Fentanyl was public enemy number one; the biggest menace since meth, but far deadlier. “Kang’s death makes that over two thousand ODs this year.”
He grimaced. “More to come, unfortunately. There’s a lot of bad product on the street right now. I showed the pills to Justin in Gang-Narc, and they’re a perfect match with the four hundred thousand rainbows they just confiscated in Inglewood.”
“Rainbows?”
“Bright cheery colors to attract the tween crowd.”
Nolan’s stomach spasmed around the chalky lemon yogurt she’d had for breakfast. “That’s disgusting … worse than disgusting—it’s evil.”

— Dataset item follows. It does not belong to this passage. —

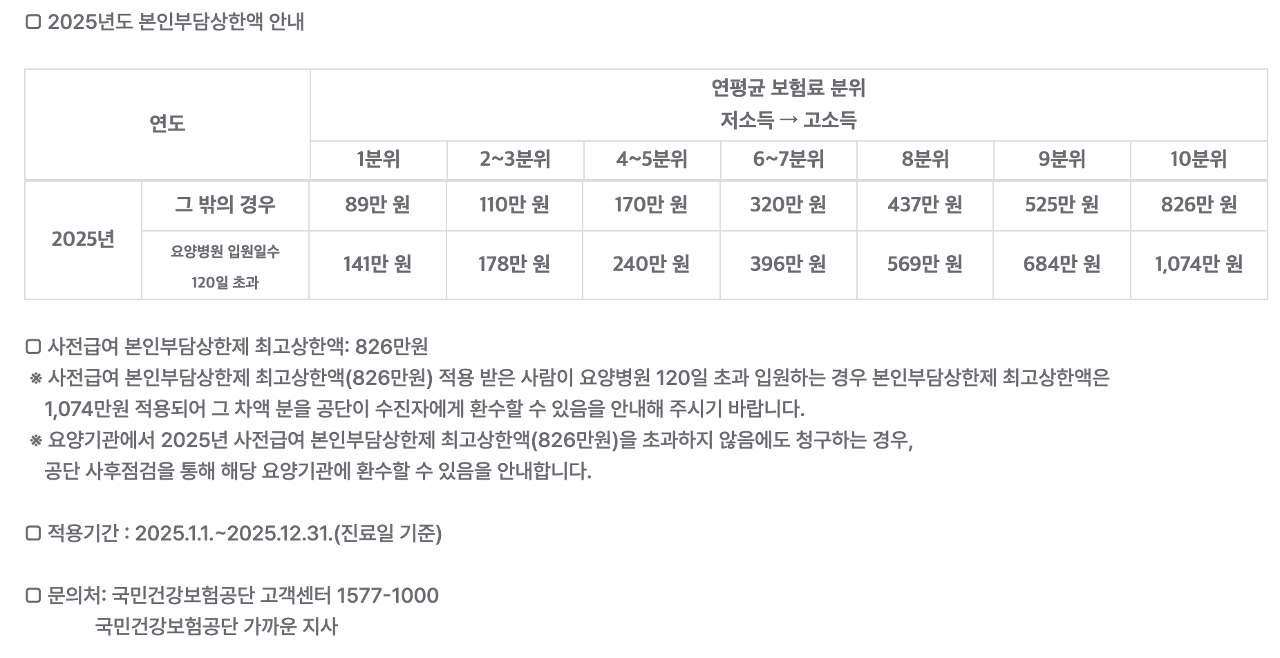 2025년 본인부담상한액 기준

“There’s a high percentage of sociopaths in the drug realm.”
“Do they know where it’s coming from?”
“They think it’s part of a cartel dump, meant to flood the market and drive down the price.”

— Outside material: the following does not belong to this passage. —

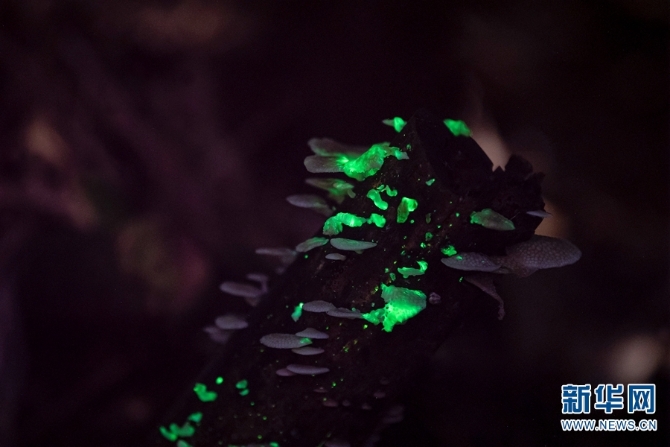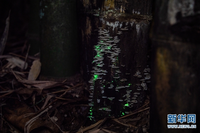 在真菌界,有一些蘑菇会在暗处或夜晚发出淡蓝色、淡绿色、银白色等不同颜色的荧光,它们被称为发光蘑菇。几年前,一位摄影师在中国科学院西双版纳热带植物园拍摄到了发光蘑菇,自此以后,这种罕见的蘑菇每年都会吸引众多游客和摄影爱好者的到来。但并不是每个人都能观赏到理想状态下的发光蘑菇,因为它们的光亮度及持久性受到所处环境的温度、水分的制约,同时也会随着蘑菇本身的营养条件及衰老状况而变化。(新华网 念新洪/文 张娇娇/摄 )

“Why would they cut into their bottom line?” His unreadable onyx eyes were distracting her, so she turned back to the window.
“Power grab. Cull the weak and take over their share of the action without a turf war. Or force alliances.”
“That sounds awfully sophisticated for sociopathic thugs.”
“It’s a multibillion-dollar business, and the new generation is sophisticated. The drug lords probably all have MBAs now.”
She sighed dispiritedly. “Between the cartels, overseas suppliers, and dark web drug emporiums, it’s never going to end.”
Remy tapped the window. “I’m not sure this rain will, either. I hope your crime scene isn’t getting washed away.”
“I’m sure it’s too late to worry about that, but I have to go.” She turned, risked a glance at him, and maintained her self-possession. Good job. “I’ll call you later.”
A discreet smile lifted one corner of his mouth. “I have reservations for two at the Hotel Bel-Air at nine. If you’re free.”
“And if I don’t make it, who is my replacement?”
“You’re irreplaceable, of course, so I don’t have anyone else in mind. I imagine I’ll just eat at the bar and have a conversation with whoever is tending. Dr. Kang was a regular there, even after his fall from grace. Bartenders know more about their customers than they know about themselves.”
“I thought the case was closed.”
“Essentially, but where he acquired his stash is still a mystery I’d like to solve.”
“That’s Narc’s job, and I’m sure the Inglewood bust gave them plenty of intelligence.”
“There’s no such thing as too much intelligence. And I’d like to be an asset, small as my contribution may be.” He shrugged nonchalantly. “I might enjoy a change of scenery at some point, and Narc would be my first choice if I were to transfer to another division. Take care, Maggie. See you later, I hope.”
She watched him saunter away, stunned by his illusory bomb-drop. Remy had been thinking about their situation, too, and he was way ahead of her, making plans. She didn’t know why it surprised her. Thrilled her. Terrified her.